My life in Aunt Selina's apartment was a lonely one. She was hardly the sort of woman to whom young folks would go for sympathy. She did not mistreat me, of course, but left me entirely to my own devious ways. For the ways of a boy of fourteen—especially of an orphan of somewhat shy and melancholic disposition—are bound to be devious.

I had much to fight out with myself. I lacked any help from the outside—and though I won over my impulses, my doubts and inner conflicts, the struggle left me a weak, shy, shunning boy.

For the first year of my life with Aunt Selina I went to a nearby public school. There were a good many Jewish boys in my class—many more than there had been in the whole Brooklyn school—but I kept away from them as a matter of course. I made a few friends among the Gentiles—not many, because they were hard to make, and I could always feel, in my supersensitive fashion, that they were fashioning a sort of favor out of conferring their friendship upon me.

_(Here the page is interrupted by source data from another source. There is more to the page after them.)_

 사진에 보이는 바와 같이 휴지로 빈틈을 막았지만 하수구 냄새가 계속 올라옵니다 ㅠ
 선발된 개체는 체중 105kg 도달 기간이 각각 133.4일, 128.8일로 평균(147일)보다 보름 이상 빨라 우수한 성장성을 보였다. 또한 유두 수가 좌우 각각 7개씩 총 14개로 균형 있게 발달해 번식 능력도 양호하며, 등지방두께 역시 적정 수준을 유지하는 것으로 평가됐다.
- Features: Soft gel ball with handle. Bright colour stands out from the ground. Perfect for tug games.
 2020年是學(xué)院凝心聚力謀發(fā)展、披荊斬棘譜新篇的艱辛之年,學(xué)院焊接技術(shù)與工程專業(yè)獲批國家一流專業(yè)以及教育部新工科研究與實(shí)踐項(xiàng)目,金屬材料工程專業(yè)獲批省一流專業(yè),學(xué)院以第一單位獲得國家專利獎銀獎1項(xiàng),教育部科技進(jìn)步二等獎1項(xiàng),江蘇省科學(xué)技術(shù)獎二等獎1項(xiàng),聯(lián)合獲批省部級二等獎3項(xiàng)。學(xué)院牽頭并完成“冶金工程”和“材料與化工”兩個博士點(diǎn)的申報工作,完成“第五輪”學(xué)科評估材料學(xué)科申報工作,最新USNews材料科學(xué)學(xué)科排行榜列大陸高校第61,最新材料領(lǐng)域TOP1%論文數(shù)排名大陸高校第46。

"It will be different when I am in high school," I told myself. "It will be different because I myself shall be different. The boys will be older there, will be more sensible and broadminded, and I shall be less nervous about the difference between us!"

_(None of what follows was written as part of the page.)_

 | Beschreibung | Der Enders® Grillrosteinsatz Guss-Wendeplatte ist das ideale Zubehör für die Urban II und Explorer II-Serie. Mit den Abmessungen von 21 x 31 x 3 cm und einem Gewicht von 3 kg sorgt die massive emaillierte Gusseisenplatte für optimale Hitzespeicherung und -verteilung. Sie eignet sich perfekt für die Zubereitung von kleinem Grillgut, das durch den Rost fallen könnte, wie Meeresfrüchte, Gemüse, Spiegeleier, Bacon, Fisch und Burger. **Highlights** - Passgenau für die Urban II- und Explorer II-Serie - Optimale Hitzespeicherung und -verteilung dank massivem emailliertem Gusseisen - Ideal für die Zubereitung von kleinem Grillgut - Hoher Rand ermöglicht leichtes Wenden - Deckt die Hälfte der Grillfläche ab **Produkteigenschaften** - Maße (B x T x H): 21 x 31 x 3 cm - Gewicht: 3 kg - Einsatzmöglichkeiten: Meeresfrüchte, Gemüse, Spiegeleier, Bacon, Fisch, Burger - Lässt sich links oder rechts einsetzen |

The difference ... I did not know what it was, but I felt it all the time. I tried to hide it, to disregard it—but I knew that it was there, in my blood, in my face, in my name ... and it held me apart from my class as if it had been a shame and a lasting disgrace.

So it was that I looked forward more and more eagerly for the change and liberation which I thought high school would bring me. Half a year, two months, a month ... then only a few days ... and then it was over. My public schools days were past. I had graduated into high school with high honors and with an equally high hatred of whatever was Jewish.

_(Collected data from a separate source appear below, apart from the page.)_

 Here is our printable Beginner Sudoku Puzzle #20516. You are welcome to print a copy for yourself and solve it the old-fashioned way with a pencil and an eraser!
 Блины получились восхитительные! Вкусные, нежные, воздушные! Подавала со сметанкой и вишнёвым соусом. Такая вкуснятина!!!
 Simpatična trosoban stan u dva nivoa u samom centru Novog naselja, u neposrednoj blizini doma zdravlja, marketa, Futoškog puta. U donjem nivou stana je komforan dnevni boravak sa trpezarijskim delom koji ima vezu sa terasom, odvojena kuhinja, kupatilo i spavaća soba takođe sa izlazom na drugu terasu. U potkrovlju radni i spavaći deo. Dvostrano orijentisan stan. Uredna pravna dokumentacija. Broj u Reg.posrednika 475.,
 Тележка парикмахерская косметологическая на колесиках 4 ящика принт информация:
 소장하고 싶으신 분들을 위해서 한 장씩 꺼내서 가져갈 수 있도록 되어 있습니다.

If Aunt Selina had been different ... but no, I am not going to blame it on anyone excepting myself.

The summer after I graduated from public school I went with Aunt Selina and her friend, Mrs. Fleming-Cohen, to a hotel in the White Mountains. It was one of those hotels where Jews are not welcome. The management, if I am not mistaken, had not been able to impress Aunt Selina with that fact. They were constantly raising the price of our rooms, but the two ladies seemed content to keep on paying what was asked for the rare privilege of dwelling in forbidden places.

It was certainly not a pleasant summer. The other guests snubbed us continually, left us to our own devices. I used to have to go walking every morning and sit on the porch every afternoon in the company of the two ladies ... because there was no one else for me to go with. For even among the children there was a rigorous boycotting—and I was the sufferer for it. It made me very melancholy; not indignant, of course, because at that time I lacked entirely the spirit to be indignant—just melancholy, and hateful to myself, spiteful to my aunt, ashamed of the things I should have gloried in, hating the things I should have worshiped.

Well, I told myself, it would all be different in the fall: it would all be different when I was at high school. For then I was to begin those seven years which were to be my real education. So far it had been naught but childhood's prologue. And what a shabby little part I had played in it!